Lysophospholipids, long chain acylcarnitines and membrane dysfunction in the ischaemic heart.

Several findings suggest that the accumulation of ions and metabolites contribute to the electrophysiological alterations and associated malignant arrhythmias in the ischaemic heart. Our studies have focused on two amphipathic metabolites, lysophosphoglycerides (LPGs) and long-chain acylcarnitines (LCA). In an attempt to implicate any metabolite as contributing to the early electrophysiological alterations or subsequent development of irreversible cell injury in the ischaemic heart, several methodological and interpretative issues must be addressed, including the time course of accumulation and subcellular distribution. Current findings include: (1) both LPGs and LCA increase in ischaemic myocardium within 3 min, although the precise subcellular distributions have yet to be clarified, (2) electrophysiological alterations, analogous to those seen during ischaemia, are induced in vitro by both LPGs and LCA when as little as 1 mol% is incorporated into the sarcolemma (SL) based on EM autoradiography, (3) electrophysiological effects of LPGs are dependent on extracellular delivery, based on studies using intracellular pressure microinjection, (4) LPGs increase in both cardiac lymph and venular effluents in vivo within minutes to concentrations sufficient to induce electrophysiological alterations, (5) LCA increases in rat myocytes in vitro during hypoxia with a 5-fold increase in the SL determined by quantitative EM autoradiography.
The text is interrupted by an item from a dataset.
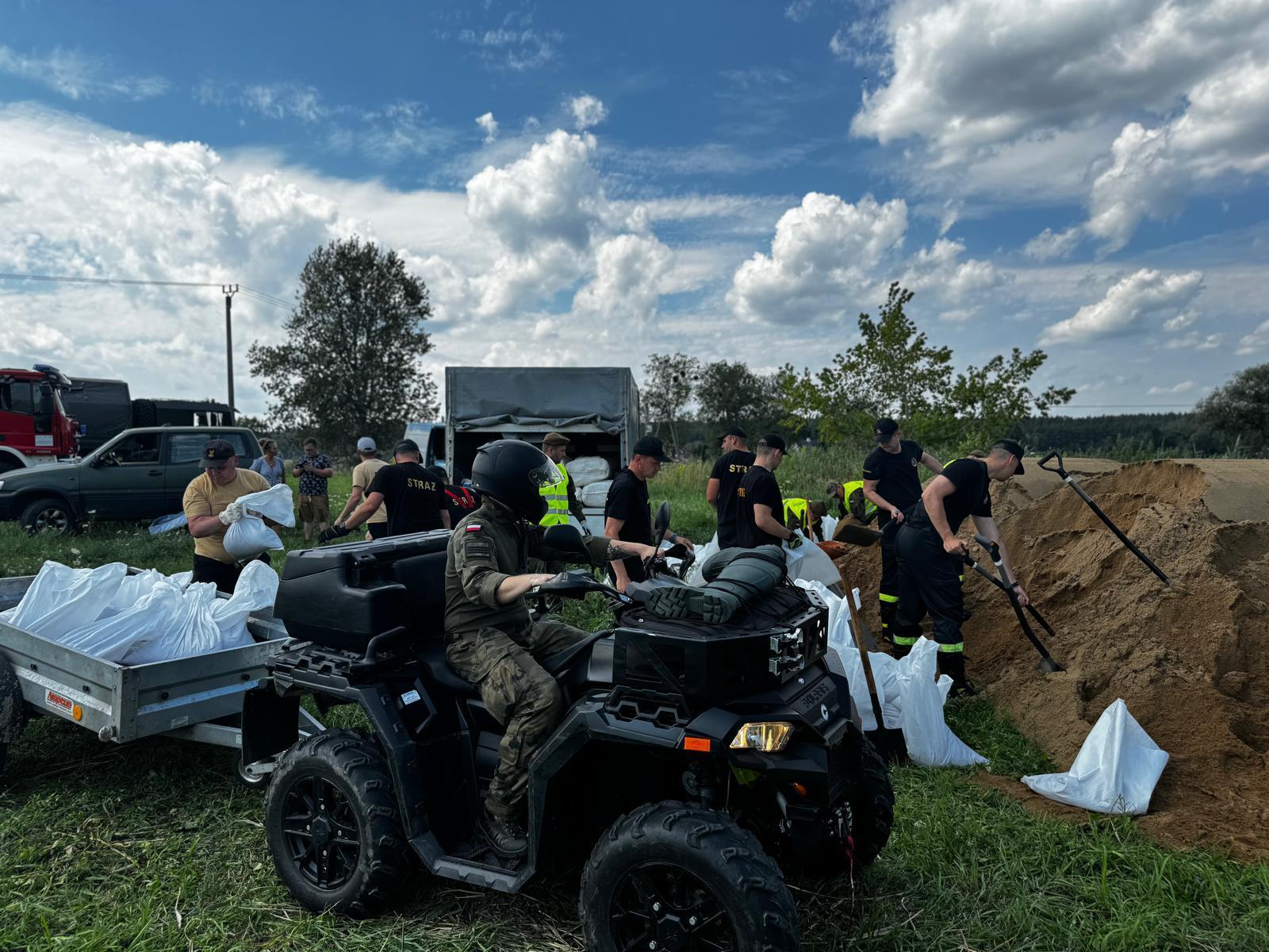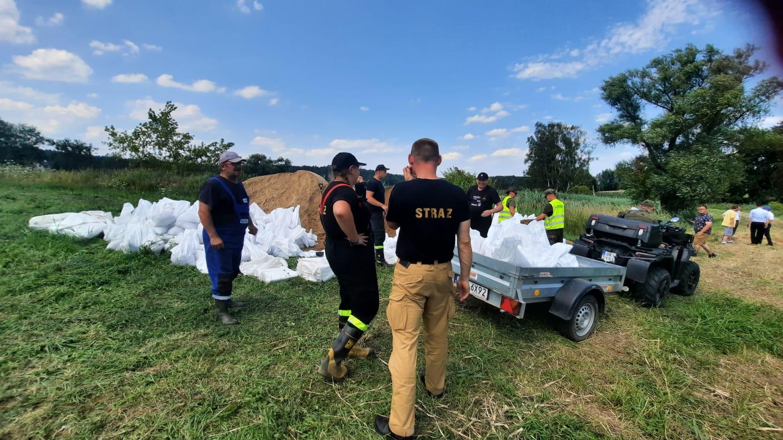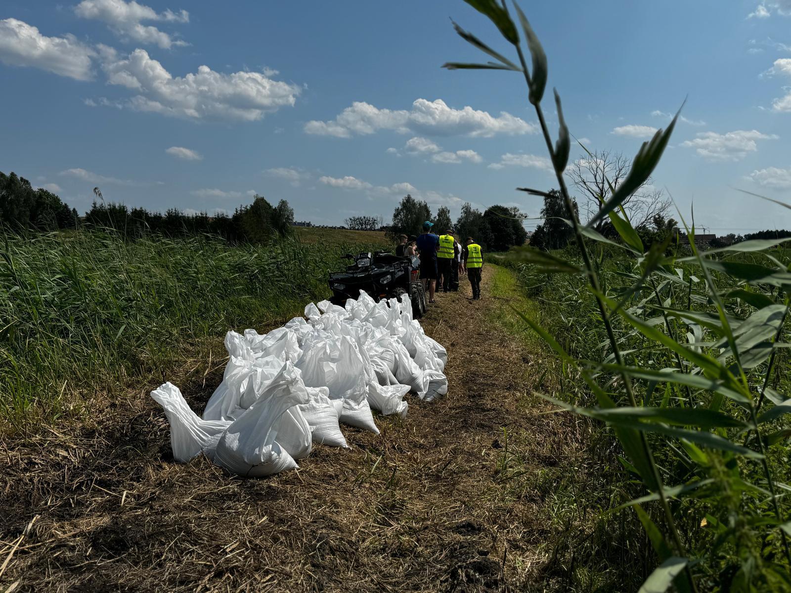 W dniu dzisiejszym rozpoczęto prace mające za zadanie umocnienie obwałowania i zahamowanie przepływu wody przez wyrwę powstałą w obwałowaniu. W działaniach biorą udział służby: OSP Bartąg, Państwowa Straż Pożarna w Olsztynie, 4 Warmińsko-Mazurska Brygada Wojsk Obrony Terytorialnej, pracownicy Zarządu Zlewni

Inhibition of carnitine acyltransferase I (CAT-I) during hypoxia prevents not only the SL accumulation of LCA but also the associated electrophysiological alterations. Since the two major catabolic enzymes for LPGs are inhibited by LCA, studies are currently underway to assess the effects of inhibition of CAT-I during ischaemia in vivo, on both LCA and LPG accumulation and the influence on regional electrophysiological alterations and arrhythmogenesis.